損害となるのは具体的には、治療費、通院費、治療期間中働けなかった期間の休業損害、精神的苦痛による慰謝料などです。後遺症が残ればさらに膨らみます。これらは自動車交通事故の場合と同様です。
このうち休業損害は、運送業の申告所得が基準となります。その際、ご主人が実質的な生活費を事業上の経費として控除していれば、申告所得に生活費を加算して年間収入を計算し、休業期間日数分を算出することになります。申告していない場合には、事故前の年間の売上金額から経費を控除して所得を推計することになると思います。こうした資料がまったくない場合は、同年代の平均賃金を参考に算定するとよいでしょう。

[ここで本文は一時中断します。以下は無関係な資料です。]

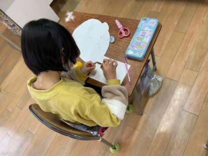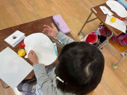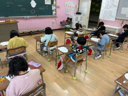図画工作科では紙版画に取り組んでいます。テーマは「はいっチーズ」にっこり笑った自分の顔です。輪郭、耳、目…今週はついに、口と髪の毛を作っています。自分の顔の出来上がりが近づいてきて、細かい作業も集中して頑張っています。

慰謝料は、治療期間・入通院日数などで決まります。日本弁護士連合会の交通事故相談センターで相談すると妥当な算定が期待できます。また同センターに加害者との示談交渉の斡旋を依頼することもできますが、加害者が応じない場合、賠償を受けるためには裁判や調停で請求するしかありません。
この事故は道交法違反だけでなく、過失運転致傷罪にも該当する刑事事件です。加害者がゴネて誠意を見せない場合、警察に事情を説明し、厳罰処分を求めてもよいでしょう。もし事故時点で警察へ通報していなければ、いまからでも事故届を出して捜査を要請することもできます。
なお、加害者が自家用自動車保険などで個人賠償責任補償特約を付けていれば、ご主人への賠償金の支払い原資に使える場合があります。加害者に確認を促してもよいでしょう。